» **SUPPLIED DATA**:
+ + + + + + +
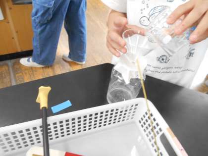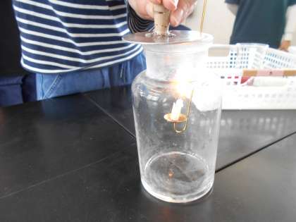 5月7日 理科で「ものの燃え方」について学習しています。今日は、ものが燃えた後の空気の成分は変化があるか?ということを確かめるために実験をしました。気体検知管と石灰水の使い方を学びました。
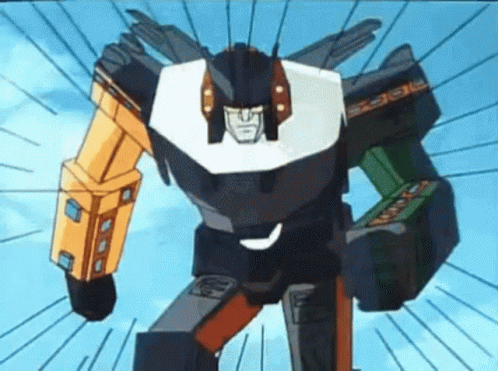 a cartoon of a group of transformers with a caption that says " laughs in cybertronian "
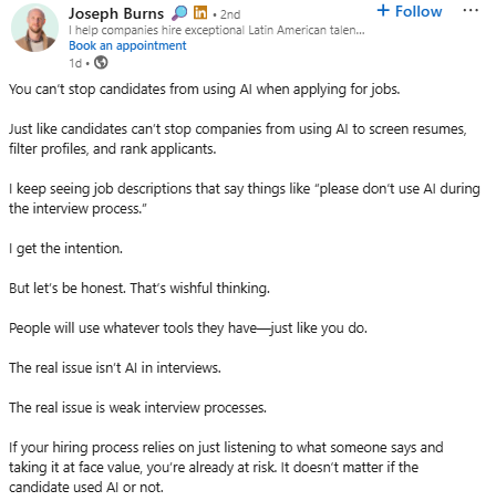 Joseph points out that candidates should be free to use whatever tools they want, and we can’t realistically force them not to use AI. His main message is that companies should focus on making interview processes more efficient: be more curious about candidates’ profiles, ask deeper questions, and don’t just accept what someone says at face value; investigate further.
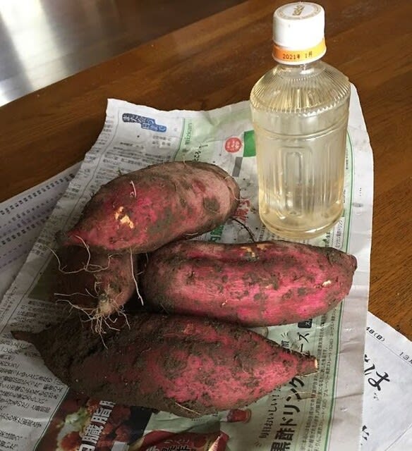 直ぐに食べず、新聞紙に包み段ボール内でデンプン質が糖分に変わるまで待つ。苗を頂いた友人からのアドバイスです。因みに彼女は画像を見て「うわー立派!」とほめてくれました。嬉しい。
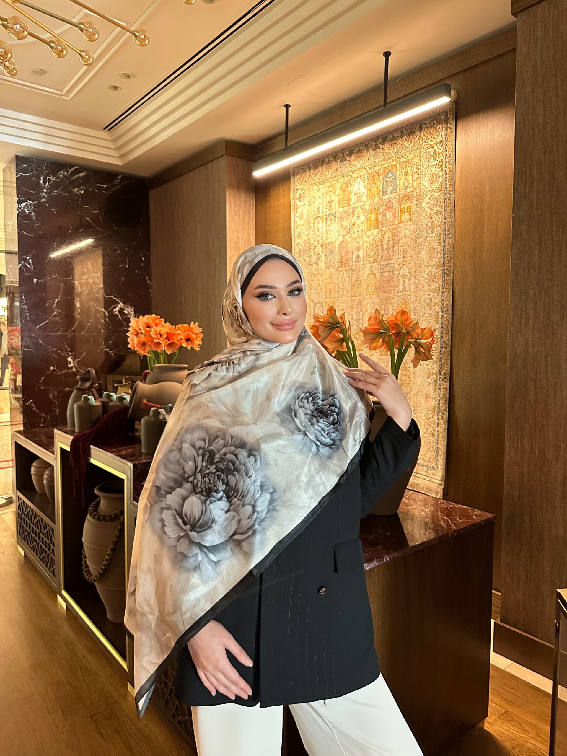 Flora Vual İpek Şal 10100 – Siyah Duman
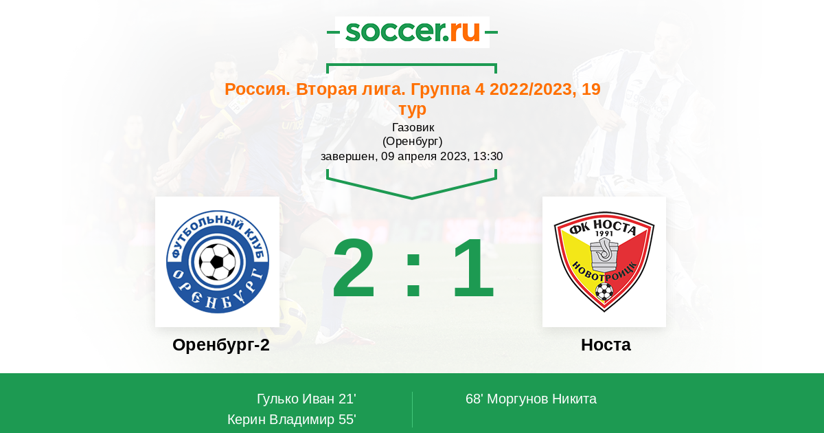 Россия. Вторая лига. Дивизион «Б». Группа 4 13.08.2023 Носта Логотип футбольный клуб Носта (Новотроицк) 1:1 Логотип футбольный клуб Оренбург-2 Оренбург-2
+ + + + + + +
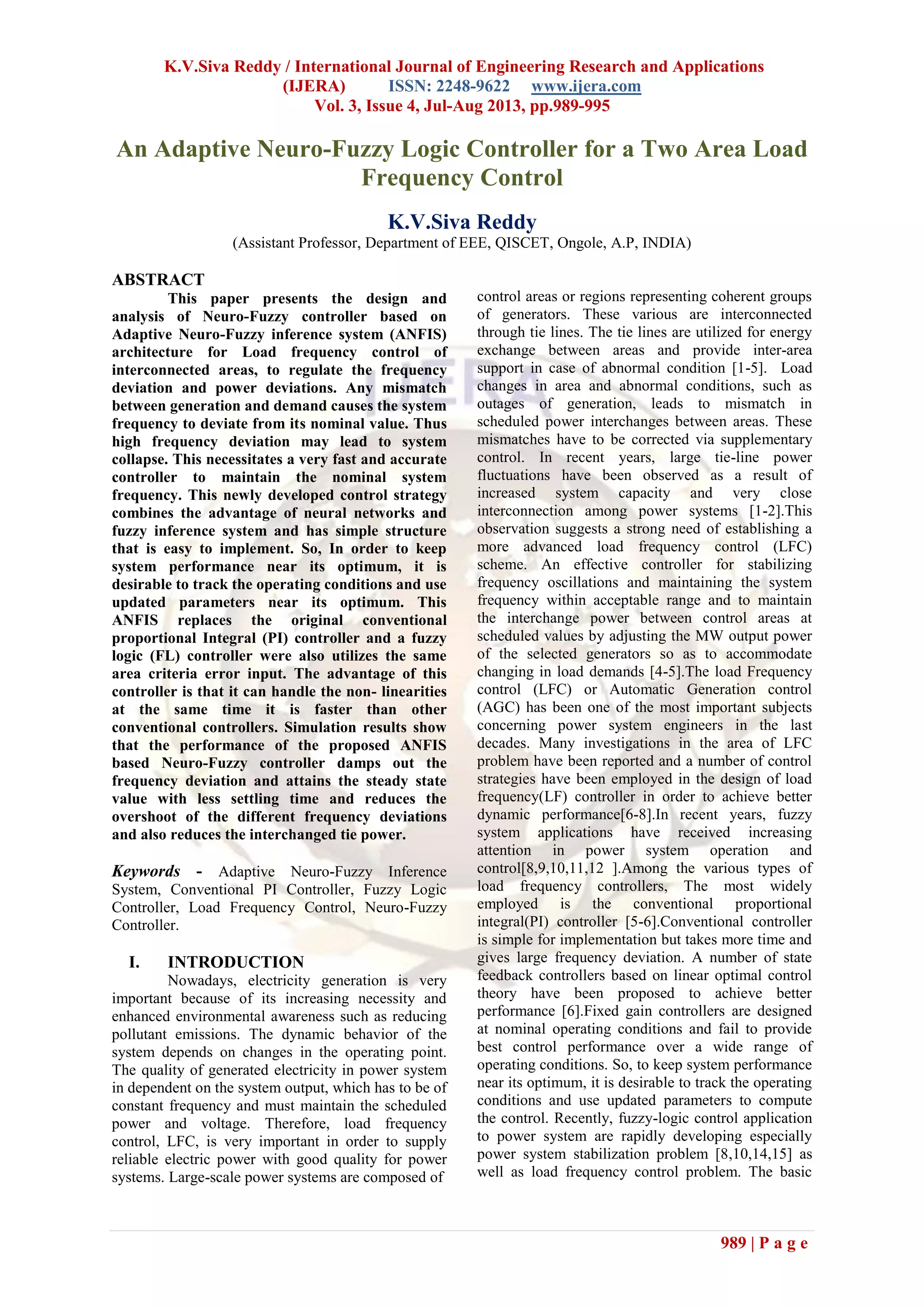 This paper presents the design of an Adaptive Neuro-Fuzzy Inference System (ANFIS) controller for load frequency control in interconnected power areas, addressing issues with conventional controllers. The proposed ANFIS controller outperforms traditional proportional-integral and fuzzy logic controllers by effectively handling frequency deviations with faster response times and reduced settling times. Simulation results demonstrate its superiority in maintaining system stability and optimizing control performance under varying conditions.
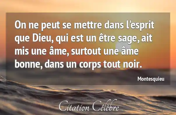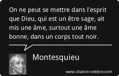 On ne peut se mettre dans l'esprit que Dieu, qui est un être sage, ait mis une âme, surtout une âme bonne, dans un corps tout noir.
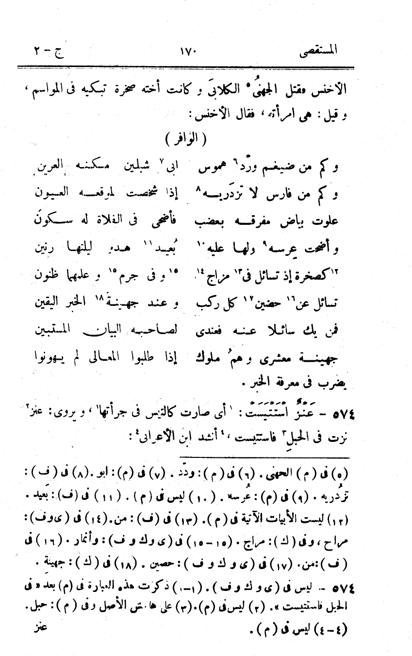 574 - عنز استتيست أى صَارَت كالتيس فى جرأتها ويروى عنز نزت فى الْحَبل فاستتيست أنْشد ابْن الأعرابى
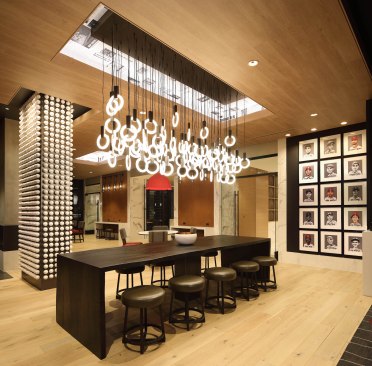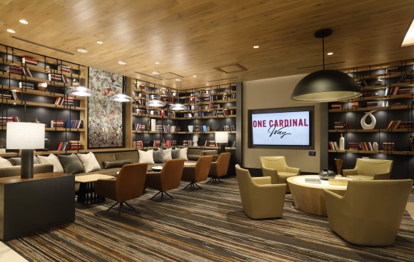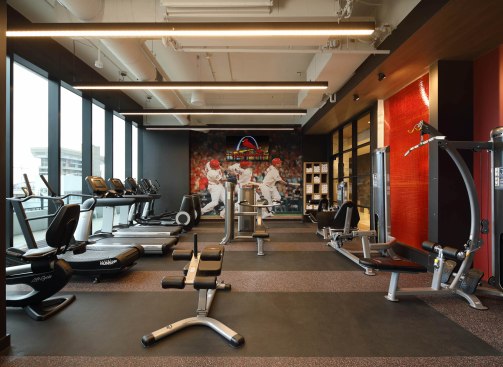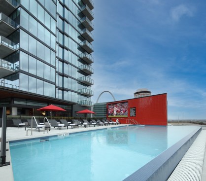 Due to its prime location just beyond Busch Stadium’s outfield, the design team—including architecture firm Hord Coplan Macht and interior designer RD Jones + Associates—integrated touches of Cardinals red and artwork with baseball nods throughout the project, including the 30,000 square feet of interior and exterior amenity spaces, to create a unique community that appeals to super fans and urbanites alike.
+ + + + + + +
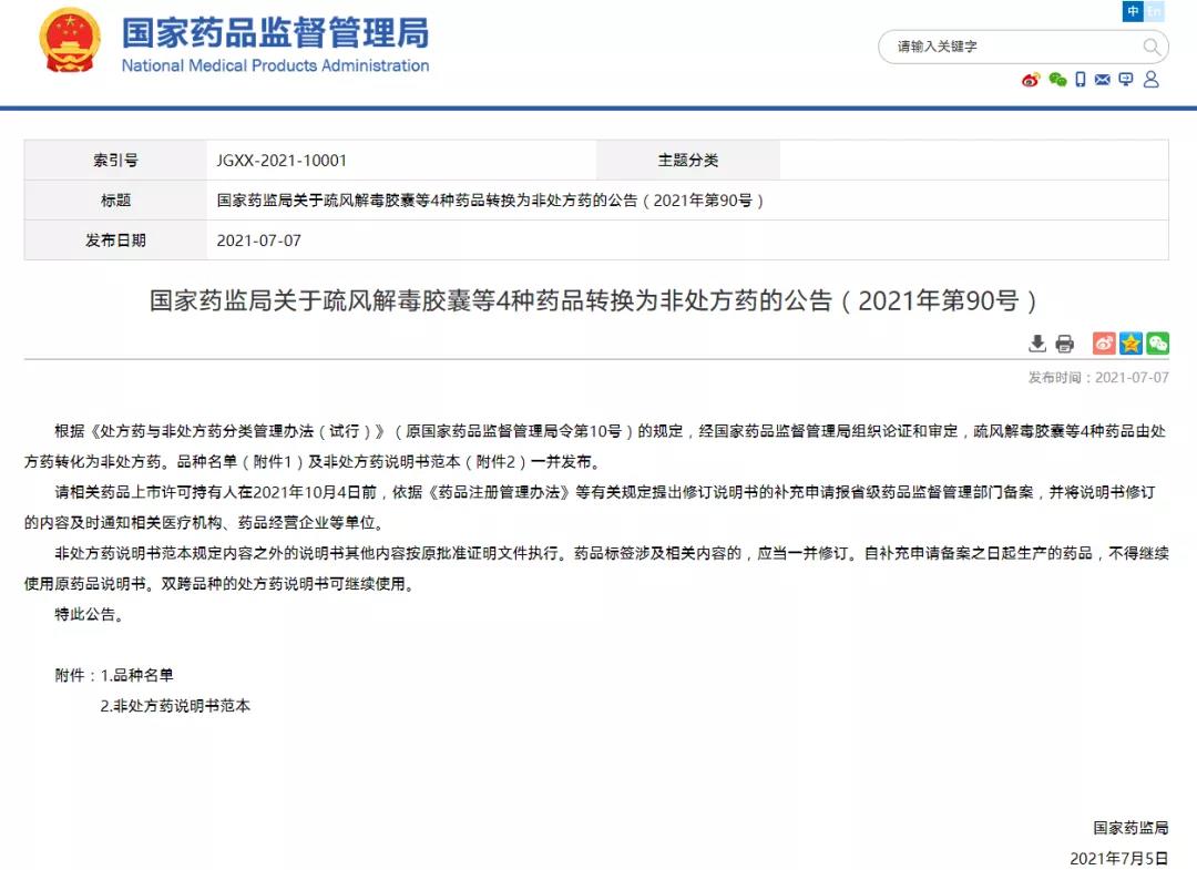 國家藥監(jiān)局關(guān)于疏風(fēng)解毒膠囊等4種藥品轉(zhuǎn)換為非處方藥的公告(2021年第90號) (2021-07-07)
+ + + + + + +
» **EXERCISE**: The answer must be the lines above from the one containing "Joseph points out" through the one containing "Flora Vual İpek Şal 10100 – Siyah Duman", reproduced exactly, with no pictures and nothing else.

» **EXERCISE RESPONSE**:
 Joseph points out that candidates should be free to use whatever tools they want, and we can’t realistically force them not to use AI. His main message is that companies should focus on making interview processes more efficient: be more curious about candidates’ profiles, ask deeper questions, and don’t just accept what someone says at face value; investigate further.
 直ぐに食べず、新聞紙に包み段ボール内でデンプン質が糖分に変わるまで待つ。苗を頂いた友人からのアドバイスです。因みに彼女は画像を見て「うわー立派!」とほめてくれました。嬉しい。
 Flora Vual İpek Şal 10100 – Siyah Duman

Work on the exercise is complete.